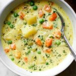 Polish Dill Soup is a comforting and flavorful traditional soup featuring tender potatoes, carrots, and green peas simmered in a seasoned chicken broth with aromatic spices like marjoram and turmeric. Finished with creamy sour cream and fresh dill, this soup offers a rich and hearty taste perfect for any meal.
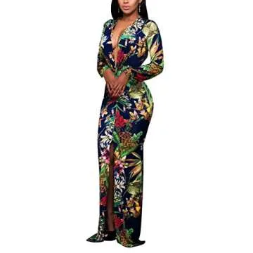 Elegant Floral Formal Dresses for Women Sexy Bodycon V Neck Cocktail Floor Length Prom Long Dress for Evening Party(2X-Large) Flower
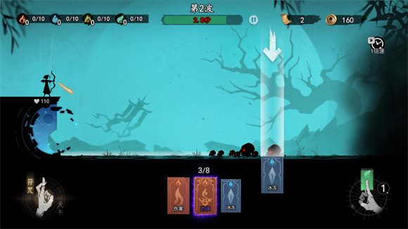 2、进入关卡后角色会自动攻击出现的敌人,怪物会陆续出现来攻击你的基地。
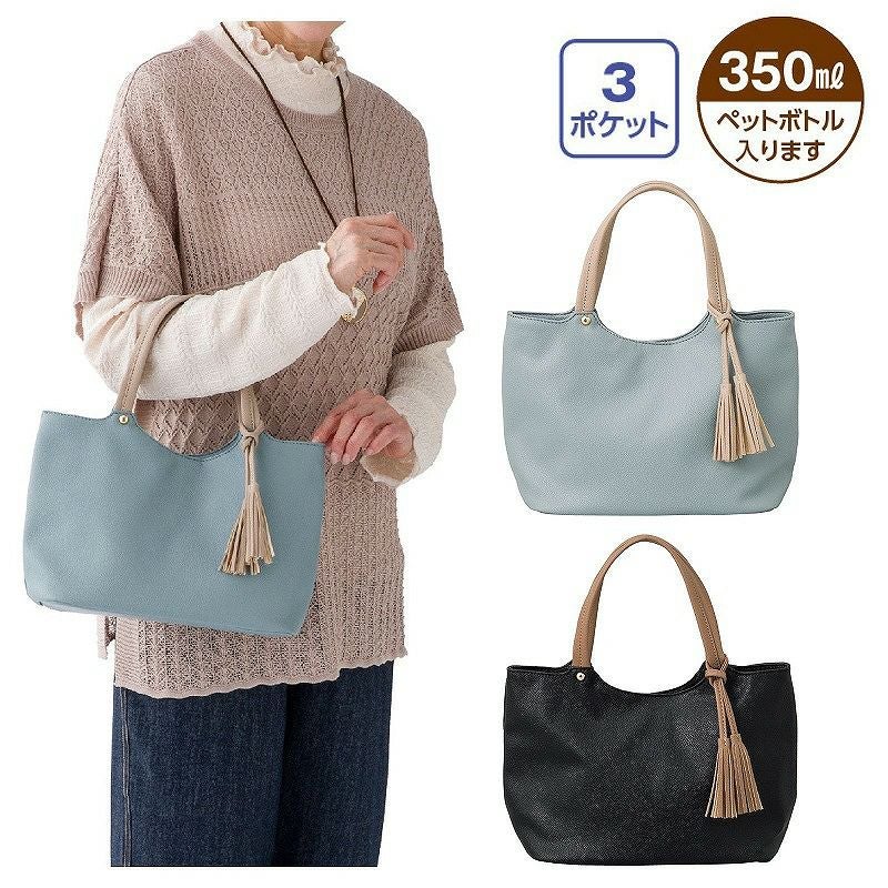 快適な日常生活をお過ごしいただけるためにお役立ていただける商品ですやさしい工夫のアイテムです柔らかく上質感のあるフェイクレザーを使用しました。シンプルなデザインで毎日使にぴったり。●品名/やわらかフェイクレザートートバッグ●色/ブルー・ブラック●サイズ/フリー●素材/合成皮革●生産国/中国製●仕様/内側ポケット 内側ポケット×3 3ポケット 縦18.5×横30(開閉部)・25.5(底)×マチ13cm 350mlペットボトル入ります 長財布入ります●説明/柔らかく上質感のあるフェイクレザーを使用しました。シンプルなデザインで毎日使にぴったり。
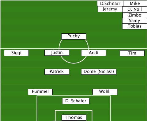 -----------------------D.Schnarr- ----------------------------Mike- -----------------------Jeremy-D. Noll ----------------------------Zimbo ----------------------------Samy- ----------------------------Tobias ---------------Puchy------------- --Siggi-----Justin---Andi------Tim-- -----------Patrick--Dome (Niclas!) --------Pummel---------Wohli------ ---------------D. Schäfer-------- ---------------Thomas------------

+++

__Task instructions__
Exactly as written, reproduce all of the entries while dropping the pictures.

__Answer to this exercise__
 Polish Dill Soup is a comforting and flavorful traditional soup featuring tender potatoes, carrots, and green peas simmered in a seasoned chicken broth with aromatic spices like marjoram and turmeric. Finished with creamy sour cream and fresh dill, this soup offers a rich and hearty taste perfect for any meal.
 Elegant Floral Formal Dresses for Women Sexy Bodycon V Neck Cocktail Floor Length Prom Long Dress for Evening Party(2X-Large) Flower
 2、进入关卡后角色会自动攻击出现的敌人,怪物会陆续出现来攻击你的基地。
 快適な日常生活をお過ごしいただけるためにお役立ていただける商品ですやさしい工夫のアイテムです柔らかく上質感のあるフェイクレザーを使用しました。シンプルなデザインで毎日使にぴったり。●品名/やわらかフェイクレザートートバッグ●色/ブルー・ブラック●サイズ/フリー●素材/合成皮革●生産国/中国製●仕様/内側ポケット 内側ポケット×3 3ポケット 縦18.5×横30(開閉部)・25.5(底)×マチ13cm 350mlペットボトル入ります 長財布入ります●説明/柔らかく上質感のあるフェイクレザーを使用しました。シンプルなデザインで毎日使にぴったり。
 -----------------------D.Schnarr- ----------------------------Mike- -----------------------Jeremy-D. Noll ----------------------------Zimbo ----------------------------Samy- ----------------------------Tobias ---------------Puchy------------- --Siggi-----Justin---Andi------Tim-- -----------Patrick--Dome (Niclas!) --------Pummel---------Wohli------ ---------------D. Schäfer-------- ---------------Thomas------------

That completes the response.